**SOURCE INFORMATION:**
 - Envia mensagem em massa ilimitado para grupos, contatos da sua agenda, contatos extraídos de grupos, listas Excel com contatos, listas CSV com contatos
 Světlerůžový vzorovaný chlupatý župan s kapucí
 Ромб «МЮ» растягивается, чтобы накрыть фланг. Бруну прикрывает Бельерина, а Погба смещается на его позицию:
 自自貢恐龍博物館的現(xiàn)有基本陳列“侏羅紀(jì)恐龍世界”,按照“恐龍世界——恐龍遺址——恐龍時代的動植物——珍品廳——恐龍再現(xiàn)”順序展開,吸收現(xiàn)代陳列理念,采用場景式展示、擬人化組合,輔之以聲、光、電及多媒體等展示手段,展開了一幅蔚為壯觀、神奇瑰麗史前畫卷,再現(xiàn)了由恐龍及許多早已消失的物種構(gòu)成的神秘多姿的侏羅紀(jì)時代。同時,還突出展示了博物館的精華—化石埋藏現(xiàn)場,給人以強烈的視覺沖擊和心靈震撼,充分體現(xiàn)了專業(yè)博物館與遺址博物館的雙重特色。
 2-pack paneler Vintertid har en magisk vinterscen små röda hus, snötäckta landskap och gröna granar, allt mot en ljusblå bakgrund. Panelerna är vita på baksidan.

...

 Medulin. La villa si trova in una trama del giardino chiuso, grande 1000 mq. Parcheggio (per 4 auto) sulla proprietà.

**WORK INSTRUCTION:** From the records above, transcribe without alteration every line from the one with "- Envia mensagem" to the one with "растягивается, чтобы накрыть", inclusive.

**SOLUTION:**
 - Envia mensagem em massa ilimitado para grupos, contatos da sua agenda, contatos extraídos de grupos, listas Excel com contatos, listas CSV com contatos
 Světlerůžový vzorovaný chlupatý župan s kapucí
 Ромб «МЮ» растягивается, чтобы накрыть фланг. Бруну прикрывает Бельерина, а Погба смещается на его позицию:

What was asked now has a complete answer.